Ni la historia ni los personajes me pertenecen.
La historia pertenece a Abbi Gilnes, del libro homónimo ~ Personajes pertenecen a Masashi Kishimoto
Disfruten la lectura :)
Si Fueras Mío
Capítulo I
Seis meses después
Sasuke
Sabía que no debería haber venido, pero no podía seguir evitando las fiestas del prado. Tenía que empezar a comportarme como si no me molestara que Itachi y Aoi estuviesen juntos.
- Aquí tienes, hombre - Naruto puso en mi mano un vaso rojo de plástico, lleno hasta arriba de cerveza. Me dispuse a devolvérselo con una mueca - Bébetelo. Hasta yo lo necesito después de verlos a los tres.
Le agradecía que hubiese hablado lo bastante bajo como para que nadie más lo oyese. Sentía sobre mí las miradas furtivas de todo el mundo, esperaban ver cuál sería mi reacción. Habían pasado seis meses desde que Aoi me dejó por mi hermano. Ahora me resultaba más fácil verlos juntos, pero normalmente prefería mantener las distancias. Ésta era la primera vez que había tenido que presenciar a Itachi besándole el cuello, la mano, la cabeza, y cualquier parte a la que tuviesen acceso sus labios mientras hablaba con los demás y Aoi permanecía acurrucada entre sus piernas.
Naruto tenía razón; necesitaba una copa. Me puse el vaso en los labios, eché la cabeza atrás y tomé un buen trago. Cualquier cosa con tal de distraerme de la sesión de besuqueos que tenía en frente.
- No puedo creer que no vayan a la misma universidad. Estaba convencido de que les harían un contrato de dos por uno - Shikamaru casi parecía decepcionado de que hubiese decidido matricularme en la Universidad de Florida en lugar de la de Alabama. Itachi y yo habíamos planeado jugar con el equipo de fútbol de Alabama desde los cinco años. Pero cuando Florida me ofreció una beca completa, la acepté. Necesitaba poner distancia. Aoi iría a la Universidad de Alabama con Itachi, y yo me sentía simplemente incapaz de estar allí con ellos.
- Florida le hizo una oferta fantástica. No puedes culparlo por aceptarla - explicó Itachi.
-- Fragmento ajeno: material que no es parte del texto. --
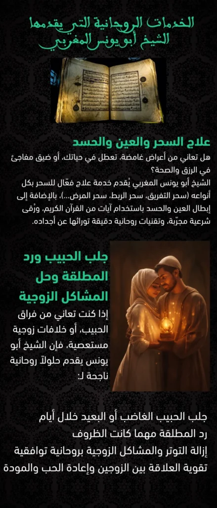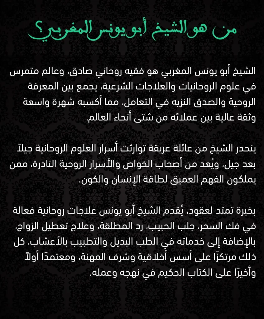 هل تبحث عن خدمات روحانية صحيحة ومجربة؟ أبو يونس المغربي يقدم لك الحلول الروحانية الموثوقة بكل سرية واحتراف 📞 تواصل معنا الآن لتحصل على المساعدة التي تحتاجها
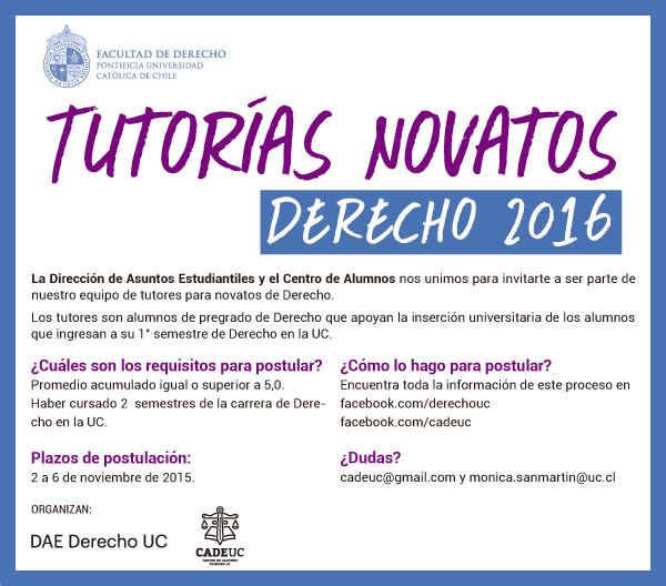 Plazo de postulación: Tutorías Novatos Derecho 2016
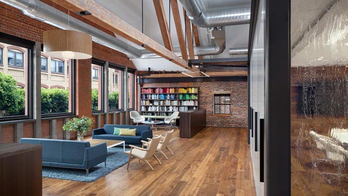 辦公室接待區(qū)設(shè)計(jì):此處保留了紅色磚,歷史的味道充斥在空間之中,讓客戶感受到那逝去的歲月,以此引起與客戶之間的共鳴,書(shū)柜的設(shè)計(jì)在空間盡顯書(shū)香氣息。
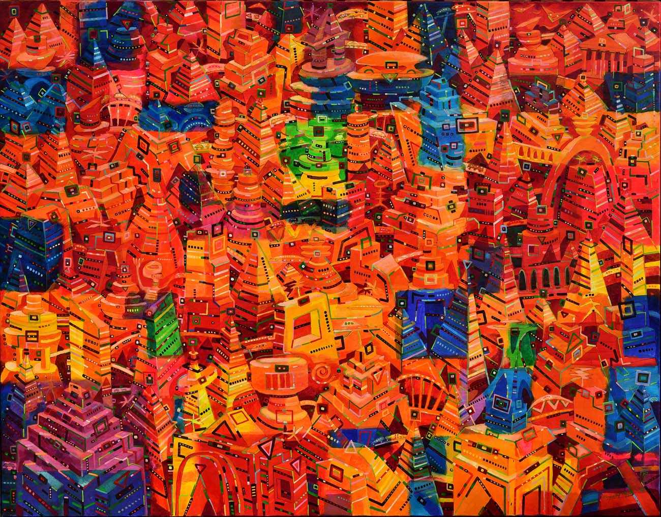 Jego wielowątkowe, pulsujące obrazy, grafiki, fotografie łączą abstrakcyjne formy z organicznymi i geometrycznymi konturami, urzekają kolorystyką, nieograniczoną paletą barw. Sprawiają wrażenie, że pochodzą z innych, pozaziemskich cywilizacji. Z rozwagą mówią o istocie i sensie istnienia, potrzebie poznawania natury i mechanizmów życia; ostrzegają przed burzeniem ładu i porządku zastałych struktur. Są zapisem doznań i oczarowań, wzruszeń i irytacji. Stanowią bardzo osobiste, przekonywujące odczytanie metafizycznego i egzystencjalnego wymiaru rzeczywistości. Są wśród nich obrazy „świecące”, zaczarowane, odkrywające swoją piękność w blasku światła ultrafioletowego. Urzekają niezwykłymi, efektownymi impresjami ujawniającymi wszystko to, co w świetle normalnym, dziennym jest niewidoczne, odległe jak kosmiczne mgławice, konstelacje gwiezdne.
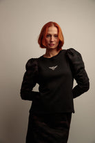 Conseil mode : a associer avec une jupe taille haute ou un jean noir pour mettre en valeur le volume des manches et le detail brode

Mi hermano lo comprendía. Nunca lo mencionaba, pero sabía por qué había escogido Florida. Itachi había tenido cuidado durante mucho tiempo de no pasear delante de mis narices su relación con Aoi, pero desde la graduación se había relajado. Últimamente, cada vez que los veía, ella estaba entre sus brazos y él la miraba con esa ridícula expresión de adoración que siempre había reservado para Aoi.
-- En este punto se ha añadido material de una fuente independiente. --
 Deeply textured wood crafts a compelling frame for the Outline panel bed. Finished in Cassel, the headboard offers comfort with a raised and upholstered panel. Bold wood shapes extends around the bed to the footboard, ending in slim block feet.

- Alabama no podría con dos Uchiha. Tenemos que repartirnos un poco - respondí fijando la vista en Shikamaru antes de tomar otro trago de cerveza.
- Pero será extraño no tenerte aquí - dijo Aoi. Mierda. ¿Por qué tenía que hablar? ¿No podía quedarse ahí sentada en silencio y dejar que Itachi metiese la mano? Oír la voz de Aoi me obligó a levantar los ojos para devolverle la mirada. La curva triste que formaban sus labios hizo que despertara en mí esa vieja opresión en el pecho. Aoi era la única capaz de hacerme sentir así.
- Sobrevivirán. Además, ustedes dos no se separan lo suficiente como para fijarse en nada más - Acababa de sonar como un imbécil. Aoi se encogió ante mi comentario sarcástico: otro punto negativo para mí.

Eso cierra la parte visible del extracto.